**Task item**
Among the entries below, copy only the span from the line containing "E-commerce where you" through the line containing "Generic - طقم". Do so exactly, and skip the pictures.

**Stored entries**
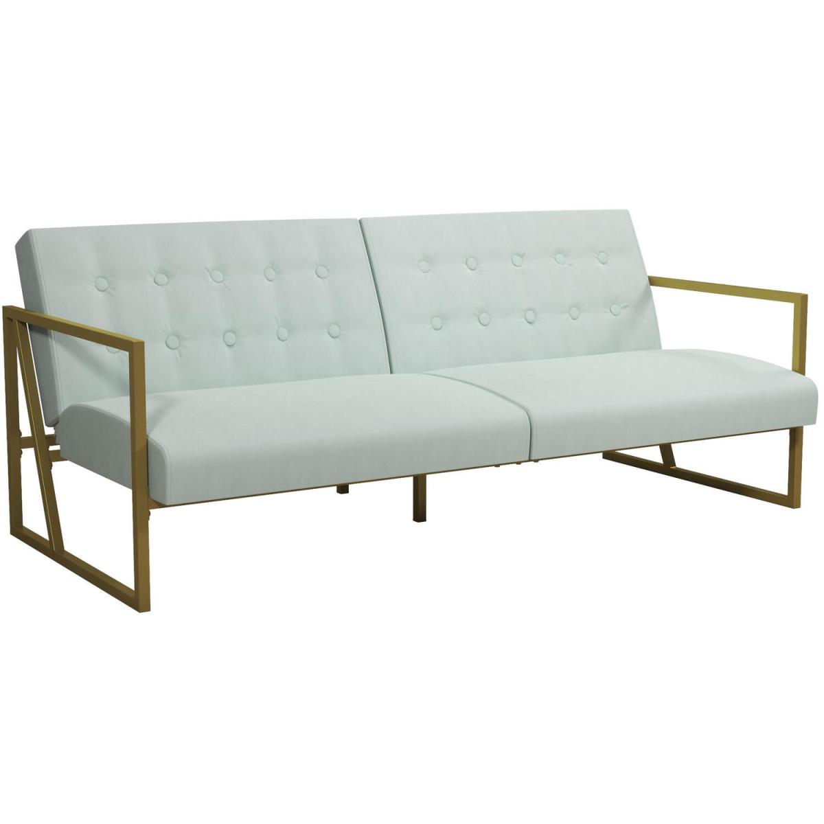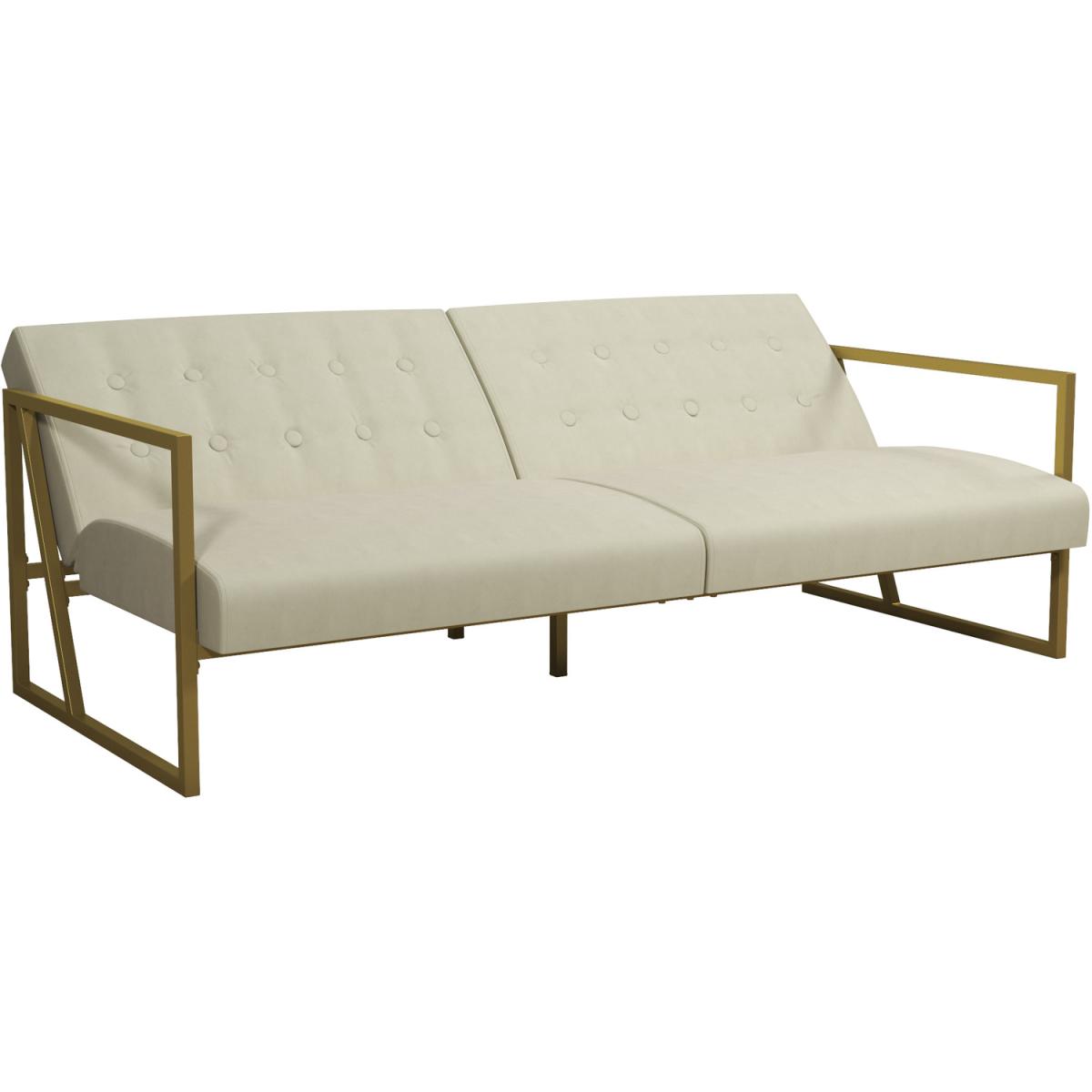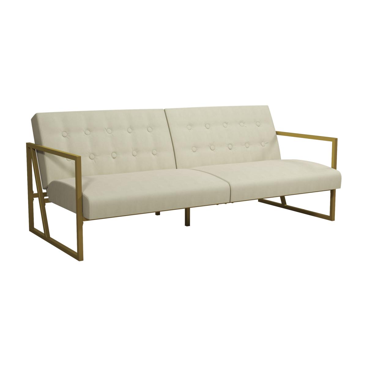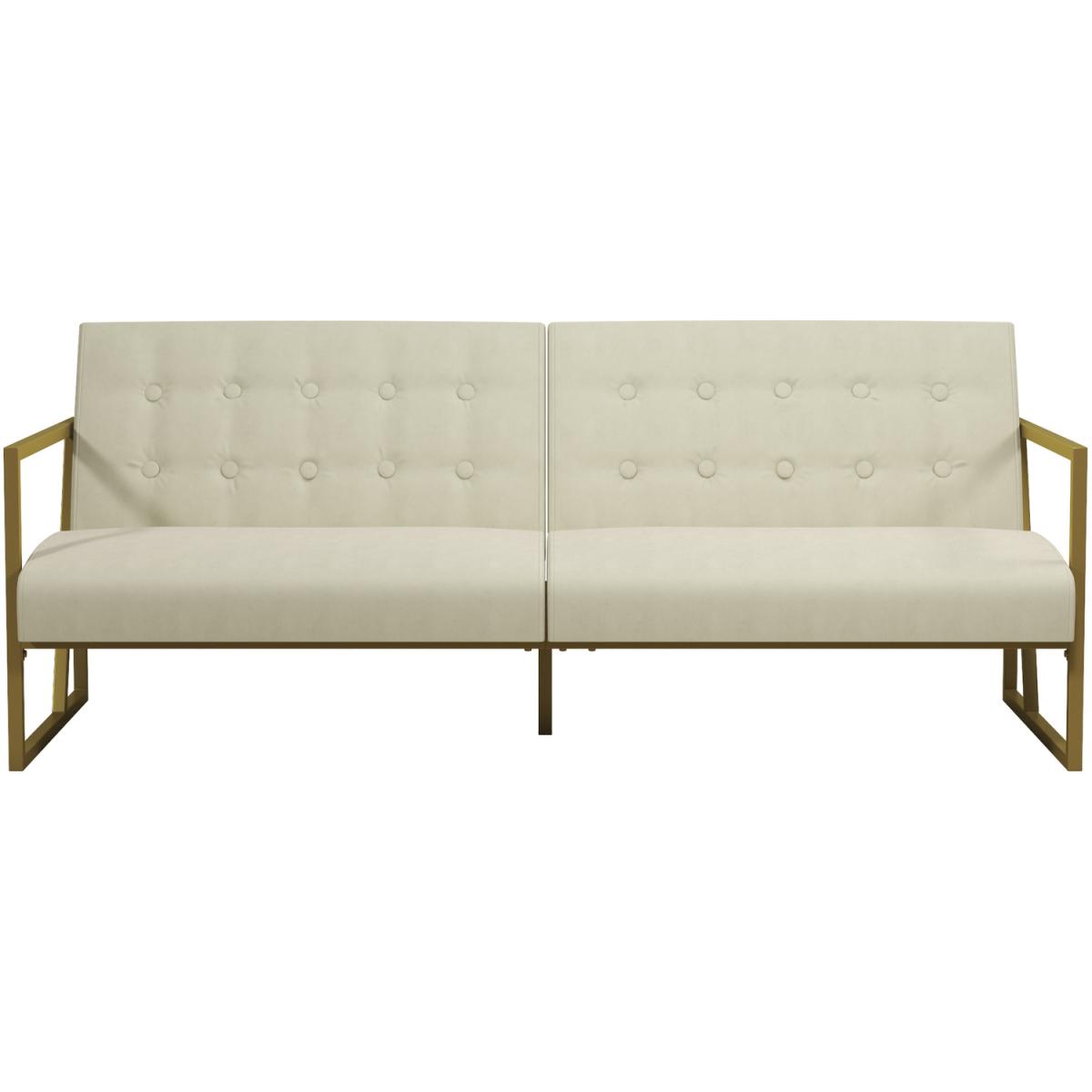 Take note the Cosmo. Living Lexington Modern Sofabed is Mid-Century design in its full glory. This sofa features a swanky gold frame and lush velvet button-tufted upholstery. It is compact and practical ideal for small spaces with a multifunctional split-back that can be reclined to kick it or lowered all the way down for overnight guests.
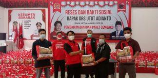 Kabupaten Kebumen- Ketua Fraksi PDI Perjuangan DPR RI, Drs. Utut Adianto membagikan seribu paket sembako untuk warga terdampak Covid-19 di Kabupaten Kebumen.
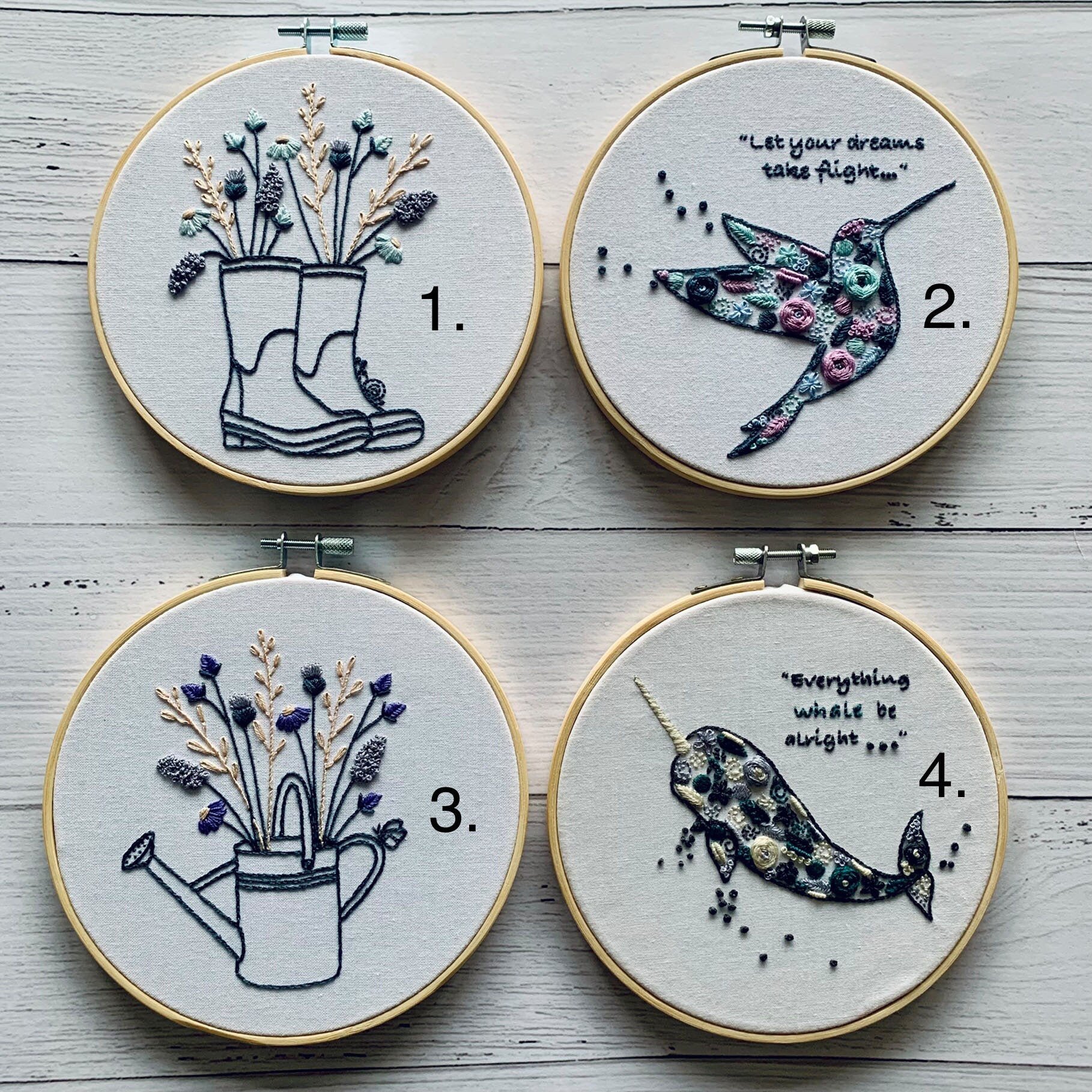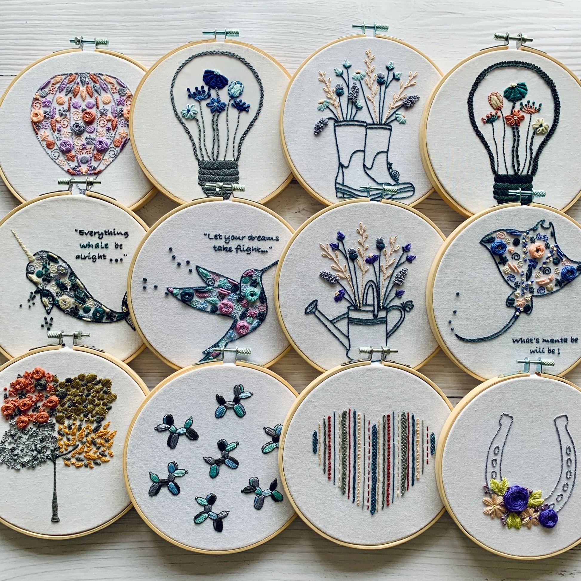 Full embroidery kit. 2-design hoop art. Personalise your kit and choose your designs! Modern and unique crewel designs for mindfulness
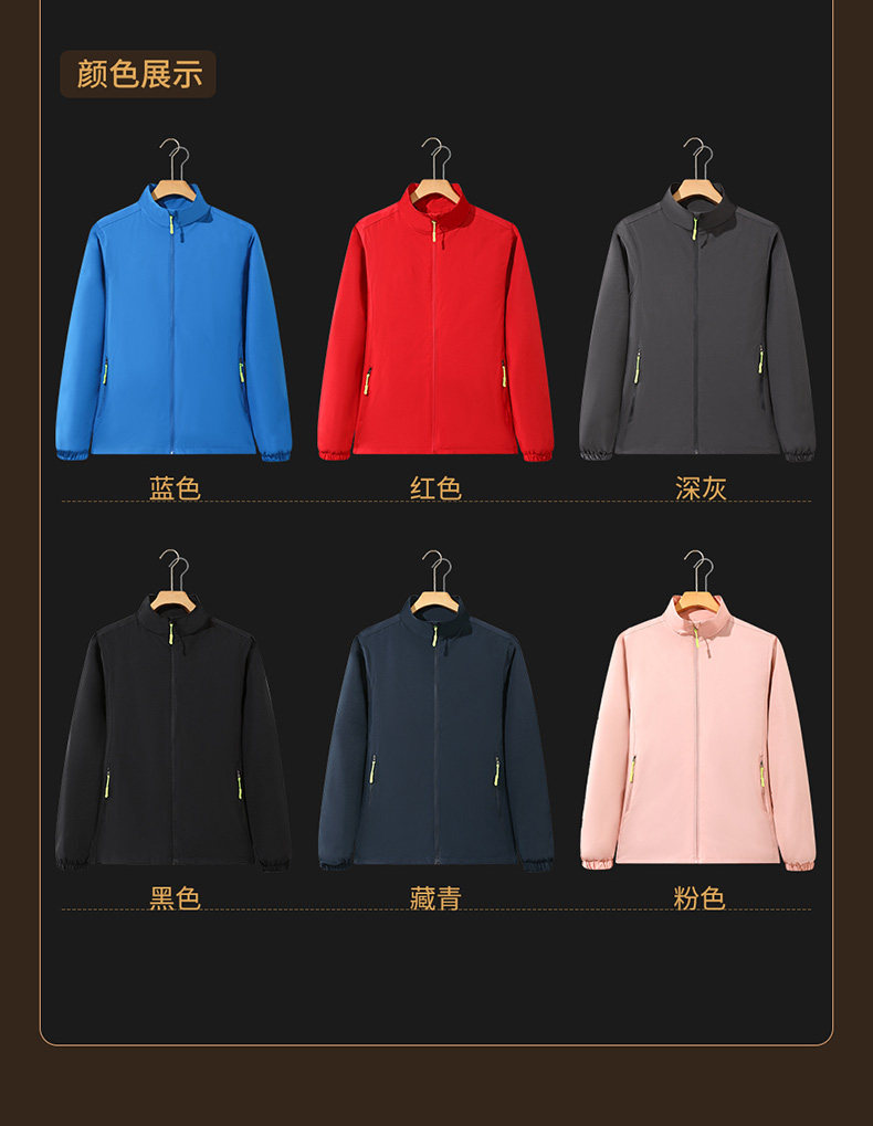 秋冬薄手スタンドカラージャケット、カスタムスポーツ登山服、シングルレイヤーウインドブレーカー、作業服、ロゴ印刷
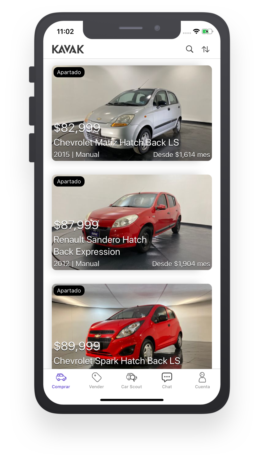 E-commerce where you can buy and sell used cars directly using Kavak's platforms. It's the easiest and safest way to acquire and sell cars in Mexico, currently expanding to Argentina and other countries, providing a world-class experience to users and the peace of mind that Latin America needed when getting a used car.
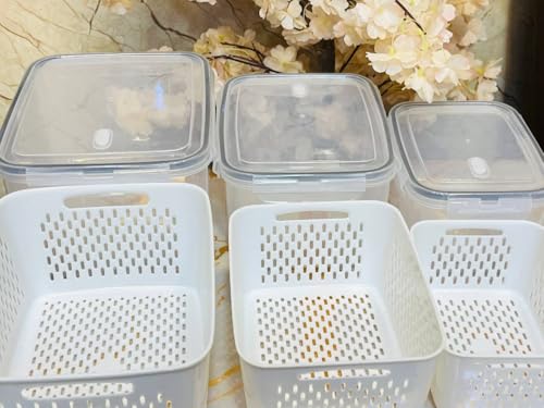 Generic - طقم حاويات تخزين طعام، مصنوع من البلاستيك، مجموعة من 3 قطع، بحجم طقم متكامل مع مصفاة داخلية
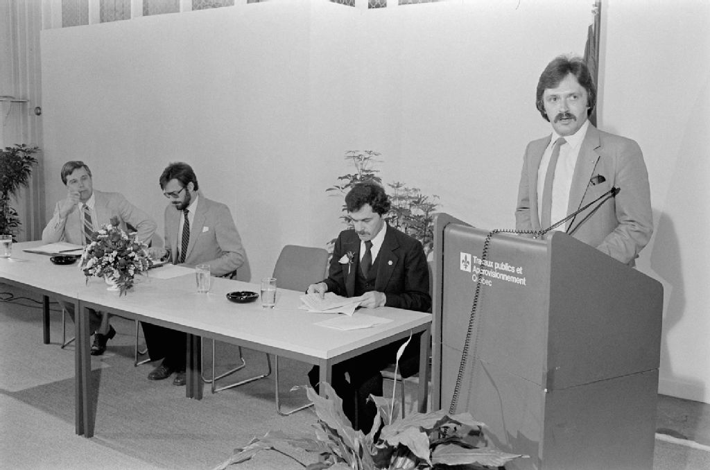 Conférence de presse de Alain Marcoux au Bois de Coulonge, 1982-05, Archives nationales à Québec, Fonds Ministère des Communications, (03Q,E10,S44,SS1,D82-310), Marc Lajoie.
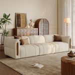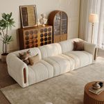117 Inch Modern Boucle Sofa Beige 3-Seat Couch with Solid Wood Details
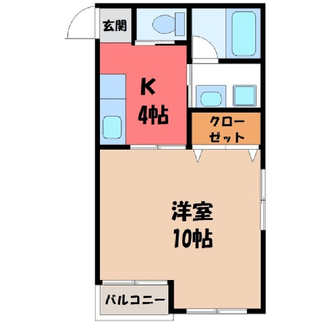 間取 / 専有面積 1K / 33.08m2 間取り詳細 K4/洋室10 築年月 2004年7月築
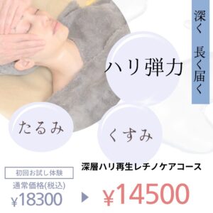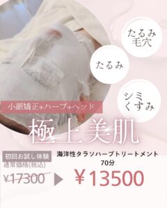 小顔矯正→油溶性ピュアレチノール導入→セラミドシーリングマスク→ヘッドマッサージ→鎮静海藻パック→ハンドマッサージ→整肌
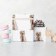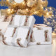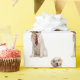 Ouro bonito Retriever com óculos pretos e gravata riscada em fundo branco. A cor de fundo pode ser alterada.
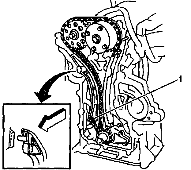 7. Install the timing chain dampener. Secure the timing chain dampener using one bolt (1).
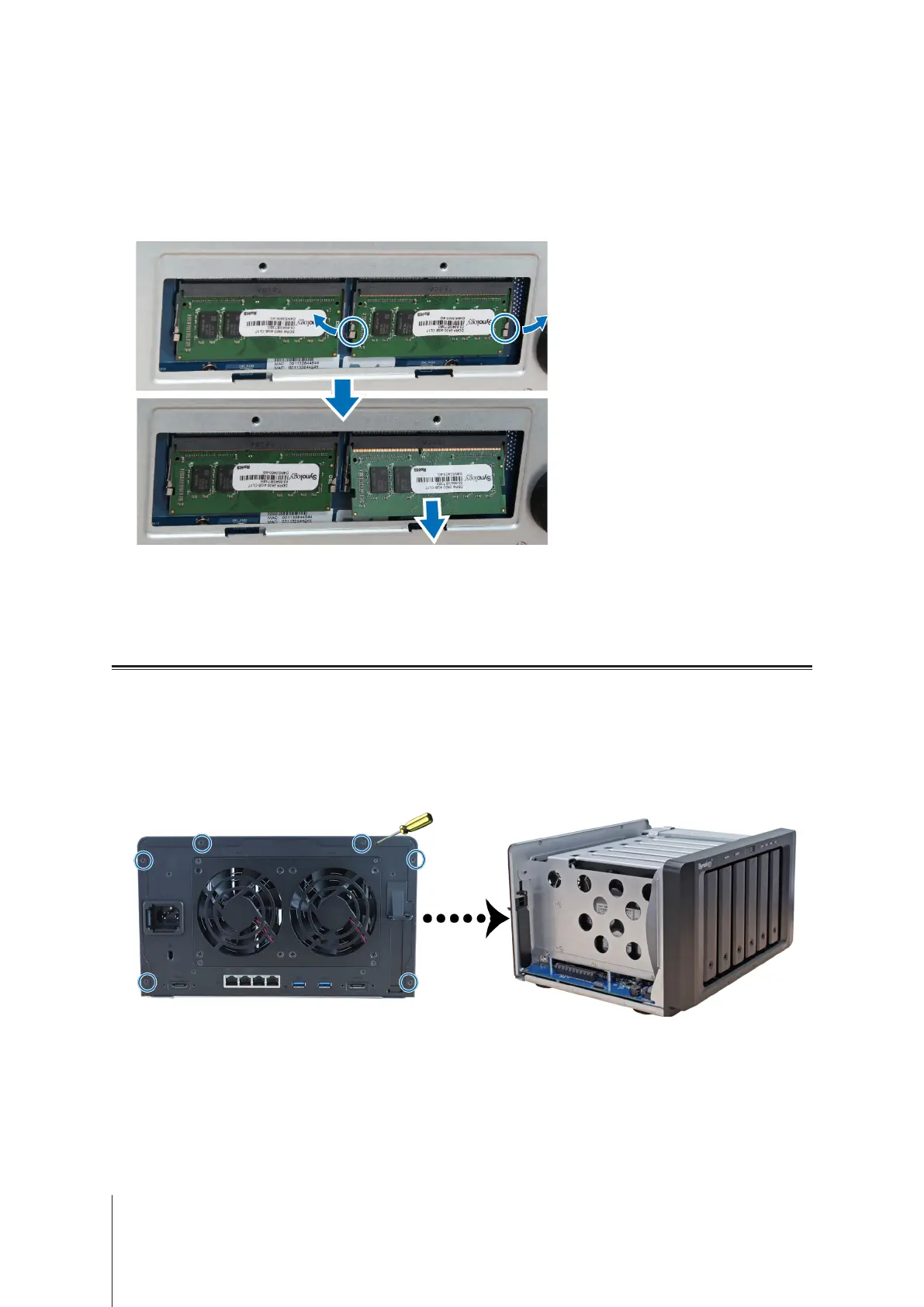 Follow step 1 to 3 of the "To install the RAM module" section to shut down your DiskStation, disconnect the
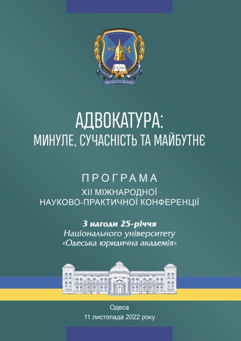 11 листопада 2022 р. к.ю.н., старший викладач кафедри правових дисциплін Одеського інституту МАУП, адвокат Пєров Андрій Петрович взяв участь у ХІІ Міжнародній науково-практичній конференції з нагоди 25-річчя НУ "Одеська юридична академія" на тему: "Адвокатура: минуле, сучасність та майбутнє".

**Solution for this exercise**
 E-commerce where you can buy and sell used cars directly using Kavak's platforms. It's the easiest and safest way to acquire and sell cars in Mexico, currently expanding to Argentina and other countries, providing a world-class experience to users and the peace of mind that Latin America needed when getting a used car.
 Generic - طقم حاويات تخزين طعام، مصنوع من البلاستيك، مجموعة من 3 قطع، بحجم طقم متكامل مع مصفاة داخلية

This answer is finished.